Network Address Translation allows multiple devices to share the same public IP address and those devices are connected internally in a private network. Why not give individual devices their own public IP? The number of public IP addresses available is less than the no of devices. This scarcity is mitigated by using NAT. Your router acts as a NAT in your home network.

Private IP addresses: 10.*.*.*, 192.168.*.*, 172.16.*.* others are public addresses.

Image Credits: Google

But how will the router decide which device the incoming packet belongs to?

As there is only one public IP the response from the server on the internet is sent to the public IP that is the router. The router decides the route by looking at the destination and source ports.

Image Credits: Google

The router allocates a certain port to each device so if the router receives a packet on port 7777 the packet will be forwarded to device A. Router also takes care of replacing port numbers in the packet after the NAT process.

What about protocols like FTP which uses multiple ports?

An application gateway is an application program that runs on a firewall system between two networks. When a client program establishes a connection to a destination service, it connects to an application gateway or proxy. The client then negotiates with the proxy server to communicate with the destination service. In effect, the proxy establishes the connection with the destination behind the firewall and acts on behalf of the client, hiding and protecting individual computers on the network behind the firewall. This creates two connections: one between the client and the proxy server and one between the proxy server and the destination. Once connected, the proxy makes all packet-forwarding decisions. Since all communication is conducted through the proxy server, computers behind the firewall are protected.

While this is considered a highly secure method of firewall protection, application gateways require great memory and processor resources compared to other firewall technologies, such as stateful inspection.

Image Credits: Google

It allows client applications to use dynamic TCP/UDP ports to communicate with known ports used by server applications, even if the firewall configuration allows traffic through only a limited number of ports. Without an ALG, the ports would either get blocked, or the network administrator would need to open up a large number of ports in the firewall, weakening the network and allowing potential attacks on those ports.

Understanding ALG:

Router OS:

To understand how ALG treats packets we need a router firmware, we can reverse engineer the ALG working.

Samy used a Netgear Nighthawk R7000 router, firmware here:
https://www.netgear.com/support/product/r7000.aspx#Firmware%20Version%201.0.11.116

Download it, unzip it you will find a .chk file.

Binwalk is a tool for searching a given binary image for embedded files and executable code. Specifically, it is designed for identifying files and code embedded inside firmware images. Binwalk uses the libmagic library to be compatible with magic signatures created for the Unix file utility. We need those files to read the source code behind ALG.

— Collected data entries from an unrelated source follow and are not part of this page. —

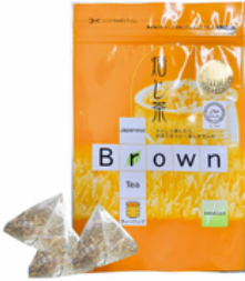
Hojicha Tea Bag-33g
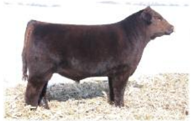
SULL Red Reward - full brother to lot 1
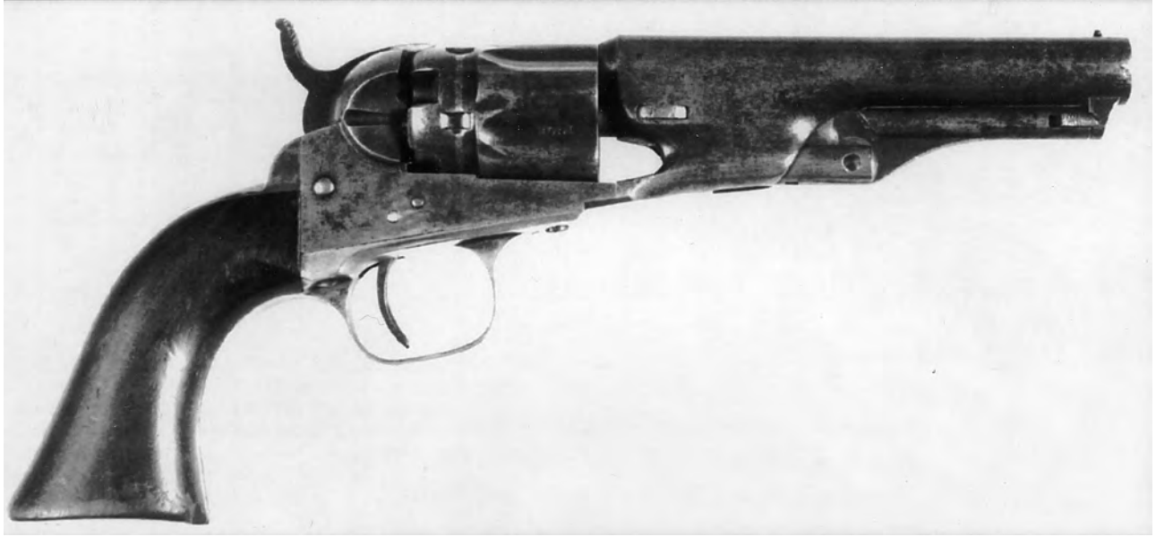
Figure 1. "1862 Police" .36 caliber percussion pistol. Note round barrel, "creeping" ramrod, and fluted cylinder. Frame, grips, back strap, triggerguard and other parts are common with the "Pocket Model of Navy Caliber" in Figure 2.
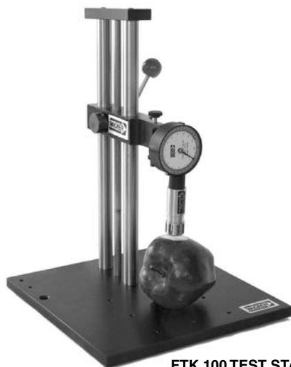
FTK 100 TEST STAND

The Wagner Fruit Test™ FTK 100 Test Stand provides added control of fruit testing resulting in greater accuracy through repeatability.
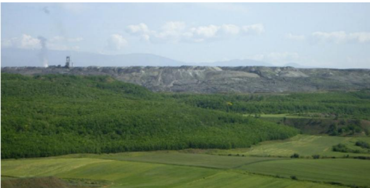
Figure 19. Robinia pseudoacacia L. plantations for slope stabilization and erosion control in Amynteon mine.

Vegetation establishment played a key role in the rehabilitation process. Large-scale plantations of Robinia pseudoacacia L. (black locust) were widely used to stabilize slopes and improve soil conditions due to their rapid growth and nitrogen-fixing capacity (Basnou, 2016). More than 1,500 hectares were reforested with average plantation densities of approximately 2,000 trees per hectare (Figure 19).
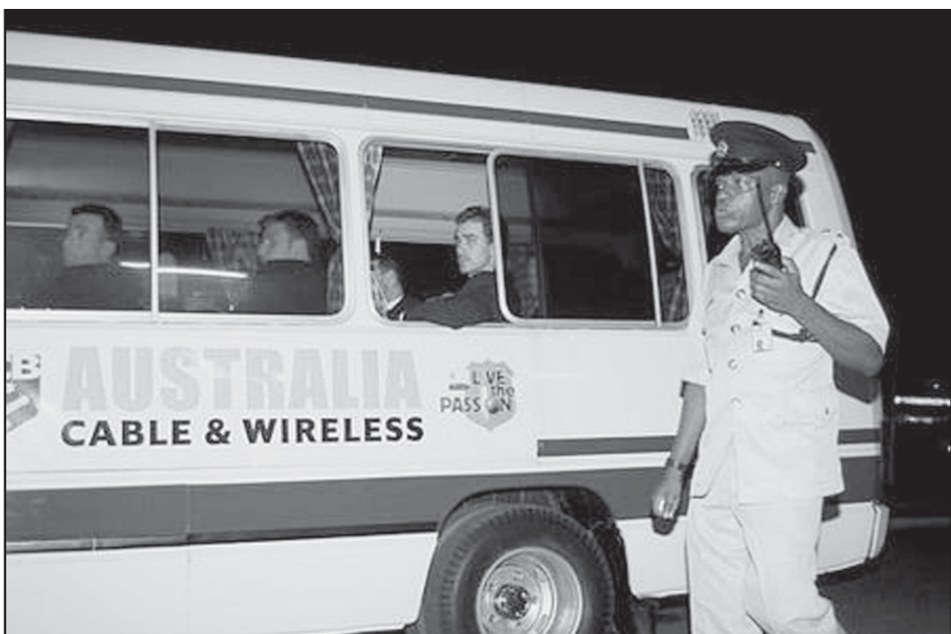
With a police officer at right, Justin Langer looks through a window shortly after the arrival of the Australian cricket team at the Cheddi Jagan International Airport in Guyana on April 2.
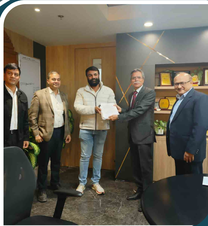
Railway Land Parcel at Strachey Road Colony, Liluah with Developer on 27/12/2023
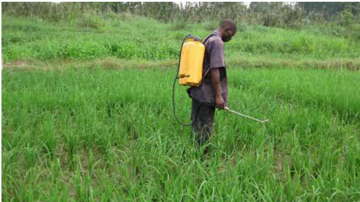
Fig. 2. Pesticide application on rice field
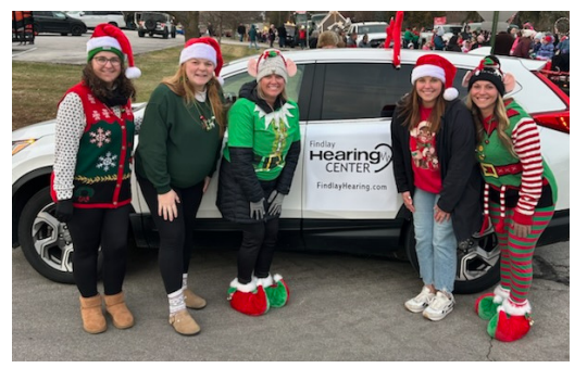
Home for the Holidays Parade
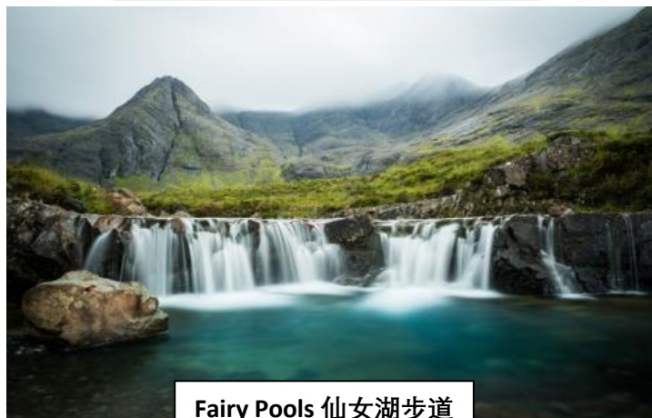
Fairy Pools 仙女湖步道
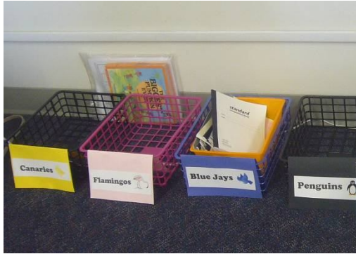
“Students’ works collected according to different groups”
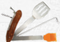
BBQ MULTI-TOOL KIT SKU: BAC461 Features BBQ Spatula, Pig Tail, Basting Brush, Wine Opener Tool - all in compact size
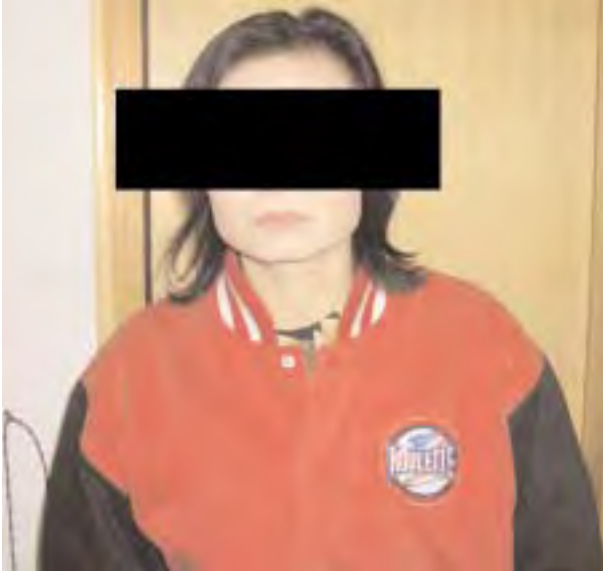
A North Korean interviewee.

Female prisoners used strips taken from their underclothes to use as sanitary napkins during their menstrual cycle. They sometimes had to use the strips again without washing them. 96

After extracting using the “e” tag, a directory is created,

https://www.youtube.com/watch?v=oqk3cU7ekag

squashfs-root looks like a Linux file system, we have the OS now let’s start reversing. Let’s search for some interesting files.

As we are only concentrating on ALGs searching in lib is good enough, it contains all the required libraries (in our case source code for FTP ALG). From the result, two files stand out they are “.ko” files. “.ko” file (kernel object file) is an object file that contains code to extend the running kernel, or so-called base kernel, of an operating system.

“tdts.ko” has some interesting functions which are related to FTP ALG. ftp_decode_port_cmd looks interesting let’s google it.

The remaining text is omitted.